Model evaluation: ROC AUC, confusion matrix, precision/recall
A strong scikit-learn model evaluation metrics tutorial includes threshold-free and threshold-based views. For binary classification, start with:
- ROC AUC (ranking quality)
- Confusion matrix (error types at a chosen threshold)
- Precision/recall (useful when classes are imbalanced)
from sklearn.metrics import roc_auc_score, confusion_matrix, classification_report
probs = grid.predict_proba(X_test)[:, 1]
print('Test ROC AUC:', roc_auc_score(y_test, probs))
preds = grid.predict(X_test)
print(confusion_matrix(y_test, preds))
print(classification_report(y_test, preds))
Preventing data leakage and best practices
- Keep scaling/encoding/feature engineering inside
PipelineorColumnTransformer. - Never “peek” at the test set during model selection.
- Be explicit about fit/transform vs fit_transform: fit on training, transform on both (handled automatically by pipelines).
- Track datasets, code, and artifacts (version control) to reproduce results.
Save and load a scikit-learn model with joblib (model persistence
For reliable deployment, persist the entire pipeline (preprocessing + estimator).

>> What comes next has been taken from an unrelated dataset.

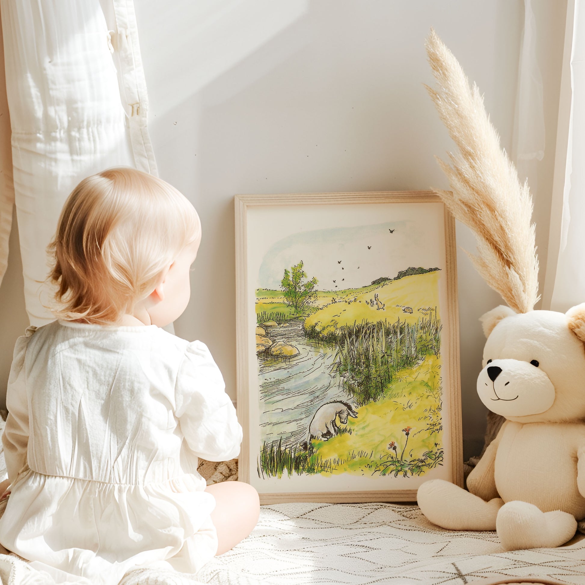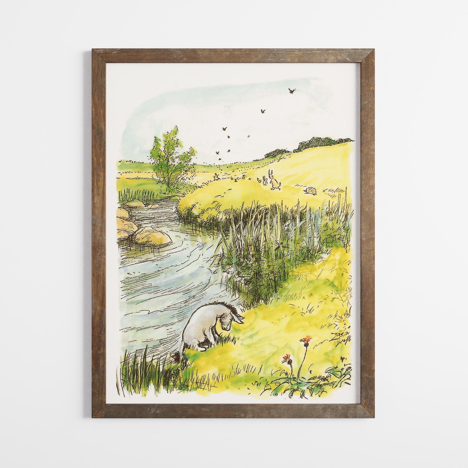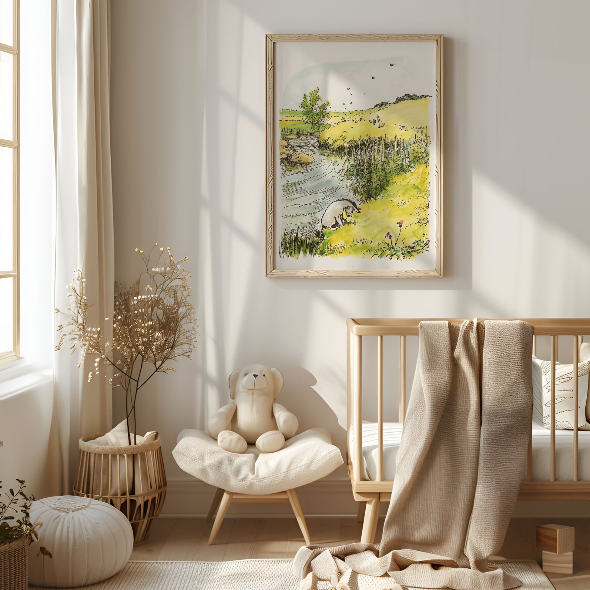 Retro Nalle Puh illustration för barnrummet. Io vid floden.

This “save and load scikit-learn model joblib” approach prevents inference-time preprocessing drift.
import joblib
# Save the best pipeline from GridSearchCV
joblib.dump(grid.best_estimator_, 'netalith_model.joblib')
# Load for inference
model = joblib.load('netalith_model.joblib')

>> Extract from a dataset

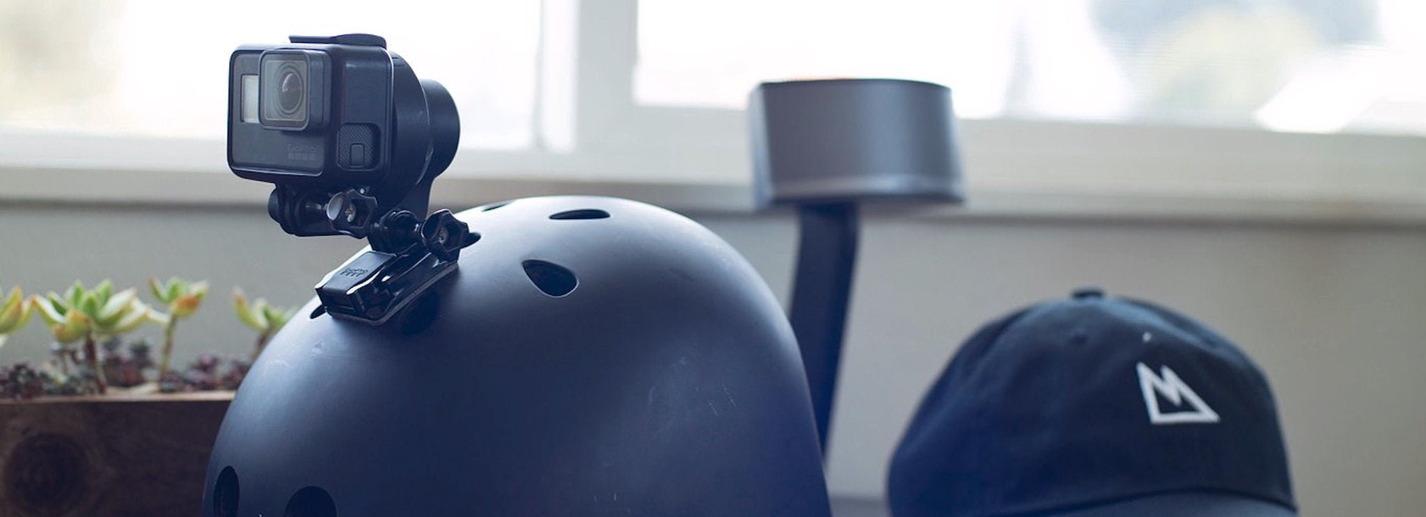 The Quark weight and measure a fraction of a 3 axis gimbal, which allow you to mount it everywhere and it doesn't bother you on a helmet.

probs = model.predict_proba(new_X)[:, 1]
From notebook to script: create an inference script
To move toward MLOps and “mlops python deployment” workflows, refactor the notebook into a small script that loads the model and runs predictions. Keep I/O and preprocessing consistent by using the saved pipeline.
# inference.py
import joblib
import pandas as pd
MODEL_PATH = 'netalith_model.joblib'
def predict(input_csv: str):
model = joblib.load(MODEL_PATH)
X_new = pd.read_csv(input_csv)
probs = model.predict_proba(X_new)[:, 1]
return probs
if __name__ == '__main__':
preds = predict('new_data.csv')
print(preds[:10])
Next steps and deployment pointers (MLOps basics
- Add input validation and feature checks (schema drift detection).
- Package the inference script as a CLI or lightweight API.
- Log metrics and model version identifiers for traceability.
- For larger projects, consider a simple training pipeline + registry pattern.
Conclusion
This scikit-learn tutorial demonstrated an end-to-end sklearn workflow: split your data correctly, preprocess with Pipeline/ColumnTransformer, train and tune classifiers with cross-validation, evaluate with ROC AUC and precision/recall, prevent leakage, and use joblib for model persistence so you can run consistent inference later.
FAQ
Why use a Pipeline instead of manual preprocessing?
A pipeline reduces data leakage risk, keeps fit/transform logic consistent, and makes it easier to save and load the full workflow.
What’s the difference between fit_transform and transform?
fit_transform learns parameters (fit) and applies them (transform) in one step. Use it only on training data; use transform for validation/test/new data—pipelines handle this safely during cross-validation and inference.
Should I optimize for ROC AUC or accuracy?
Use ROC AUC when ranking matters or classes are imbalanced; use accuracy when costs are symmetric and classes are balanced. Always sanity-check with a confusion matrix and precision/recall. In summary, a strong scikit-learn tutorial strategy should stay useful long after publication.